People and relatives felt the service was well-led. Staff felt supported in their work, and there was a positive team attitude. The registered manager and provider understood their roles and responsibilities in relation to managing a registered care home. People said they felt involved in the home life and what went on there. Staff had developed links to other resources in the community to support people's needs and preferences.

For more details, please see the full report which is on the CQC website at www.cqc.org.uk

Rating at last inspection

The last rating for this service was Good (report published 31 May 2017).

Why we inspected

This was a planned inspection based on the previous rating.

Follow up

We will continue to monitor information we receive about the service until we return to visit as per our re-inspection programme. If we receive any concerning information we may inspect sooner.

Inspection carried out on 28 March 2017

During a routine inspection

This inspection took place on 28 and 31 March 2017 and was unannounced.

Accommodation for up to 49 people is provided in the service. The service is designed to meet the needs of older people living with or without dementia. There were 33 people using the service at the time of our inspection.

A registered manager was in post and was available throughout the inspection.
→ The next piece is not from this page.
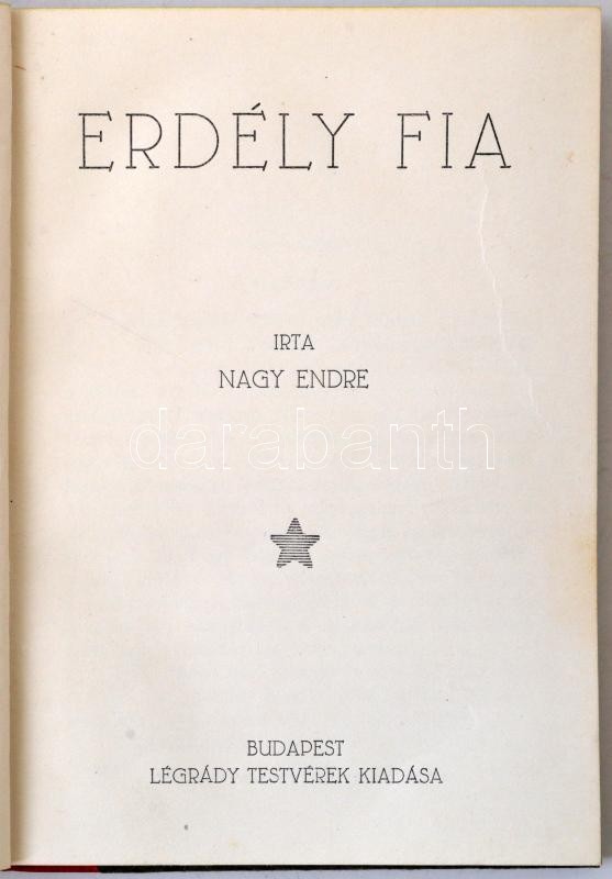 Nagy Endre: Erdély fia. Budapest, é.n., Légrády Testvérek. Az Érdekes ... https://www.darabanth.com/de/277-Fernauktion/277.0/Bucher/Bucher-Sonstige-Raritaten~45/Nagy-Endre-Erdely-fia-Budapest-en-Legrady-Testverek-Az-Erdekes-Ujsag-Konyvei-Kiado~II1403047

A registered manager is a person who has registered with the Care Quality Commission to manage the service. Like registered providers, they are ‘registered persons’. Registered persons have legal responsibility for meeting the requirements in the Health and Social Care Act 2008 and associated Regulations about how the service is run.

Staff knew how to keep people safe and understood their responsibilities to protect people from the risk of abuse. Risks were managed so that people were protected from avoidable harm and not unnecessarily restricted, though the completion of documentation to demonstrate that the risk of skin damage had been managed could be improved.

Sufficient staff were on duty to meet people’s needs and staff were recruited through safe recruitment practices. Medicines were safely managed, though the completion of cream chart documentation could be improved.

Staff received appropriate induction, training, supervision and appraisal. People’s rights were protected under the Mental Capacity Act 2005.

People received sufficient to eat and drink, though the completion of food chart documentation could be improved. External professionals were involved in people’s care as appropriate. The environment could be improved to better support people living with dementia.

Staff were kind and knew people well. People and their relatives were involved in decisions about their care. Advocacy information was made available to people.

People received care that respected their privacy and dignity and promoted their independence.

People received personalised care that was responsive to their needs. Care records contained information to support staff to meet people’s individual needs, though activities could be further improved so that more people could access activities outside the home.

Complaints were handled appropriately. A complaints process was in place and staff knew how to respond to complaints.

People and their relatives were involved or had opportunities to be involved in the development of the service. Staff told us they would be confident in raising any concerns with the management team and that appropriate action would be taken.

The provider was meeting their regulatory responsibilities. There were effective systems in place to monitor and improve the quality of the service provided.